SK Innovation’s competitors are also in the race for high-nickel batteries. LG Energy Solution aims to roll out lithium-ion batteries that contain 90 percent nickel in the second half of this year while Samsung SDI plans to introduce lithium-ion batteries that contain 88 percent nickel in the second half of this year.
In addition to its NCM 9-1/2-1/2 technology, SK Innovation aims to increase the ratio of silicon inside anodes to make batteries even more powerful.
SK Innovation’s battery manufacturing facility in Seosan, South Chungcheong Province. (SK Innovation)

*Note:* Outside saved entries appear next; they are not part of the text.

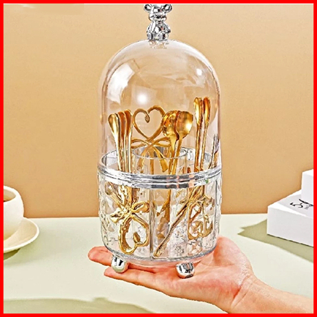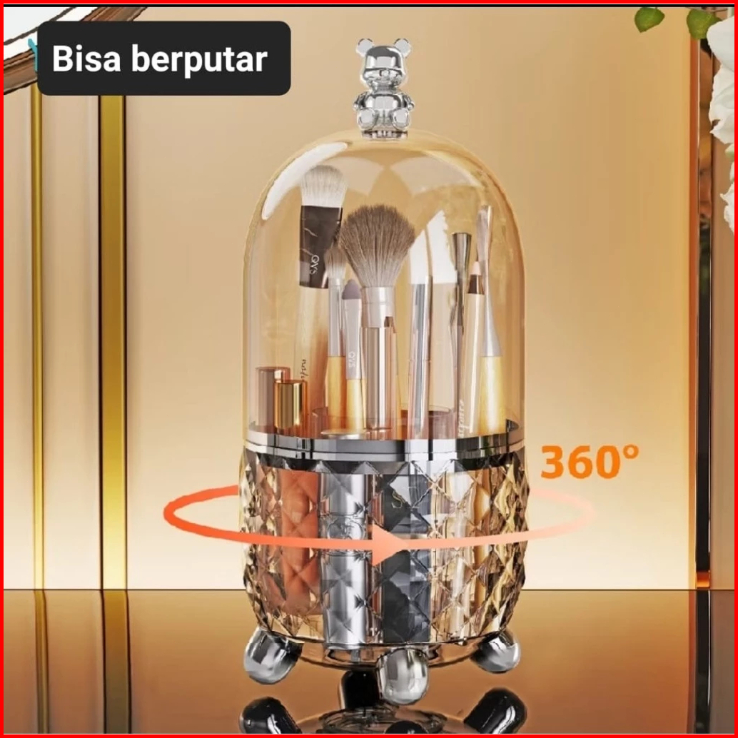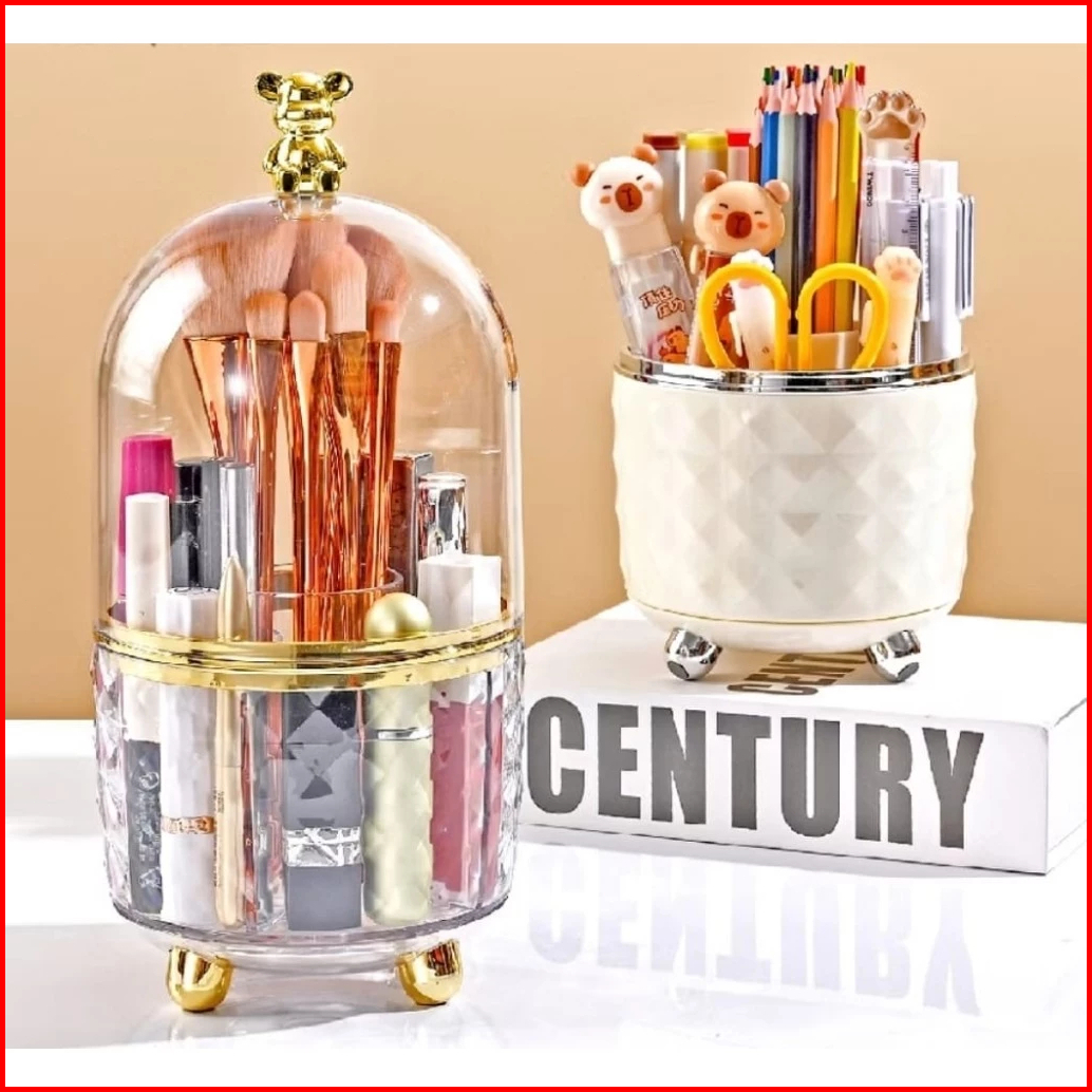 Rak Brush Kosmetik Wadah Sendok Garpu Tutup Berputar Tempat Alat Tulis Rotating Cosmetic Storage
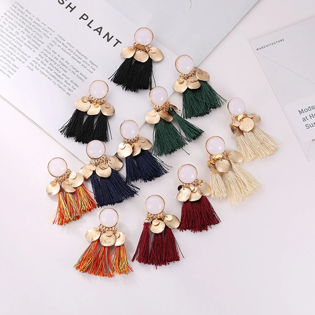 Европа и США горячие серьги кисточкой короткие сплава смолы серьги в богемном стиле модные популярные Разноцветные серьги
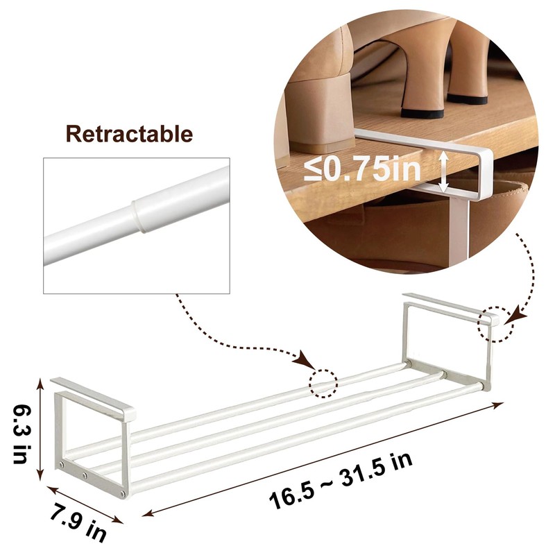 - [Adjustable] It can freely adjust the length according to different space needs. It can be easily hung under the shoe cabinet partition, making full use of vertical space without occupying floor area. It is very suitable for small spaces.

Anodes, which are responsible for batteries’ stability, mostly contain graphite. However, adding a small amount of silicon inside anodes can enhance batteries’ performance significantly.
“Six atoms of graphite can accommodate one lithium ion. However, a single silicon atom can accommodate four lithium ions. To compare, pure silicon anodes offer a capacity of 3,700 milliampere hours per gram, whereas graphite anodes with added silicon demonstrate a capacity of 1,000-1,700 milliampere hours per gram,” Hana Financial analyst Kim Hyun-soo said.
However, as one silicon atom takes up four lithium ions at once, making such adjustments results in swelling. The battery industry is working to solve such issues by coating silicon atoms with carbon materials.
SK Innovation’s high-performance and high-nickel batteries allow Hyundai Motor’s Ioniq 5 to charge up to 80 percent in 18 minutes, according SK.
SK Innovation’s endeavor dates back to 2010, when it loaded its batteries on Korea’s first-ever commercial pure EV, the BlueOn.
In 2012, the firm claimed to have developed the world’s first NCM 622 batteries -- those made with six parts nickel and two parts of cobalt and manganese each. In 2014, the company began the mass production of NCM 622 batteries.
SK Innovation also claimed to be the forerunner in its development of NCM 811 batteries in 2016 and started mass producing them in 2018.
SK Innovation, from its current role as a parts supplier, aims to evolve into an e-mobility solutions provider in the future, with plans to establish the “Battery as a Service” platform to provide battery rental, recharge, repair, reuse and recycle services all in one.
To catch up in scale, SK Innovation also has plans to triple its annual battery production capacity from the current 40 gigawatt-hours to 125 gigawatt-hours by 2025.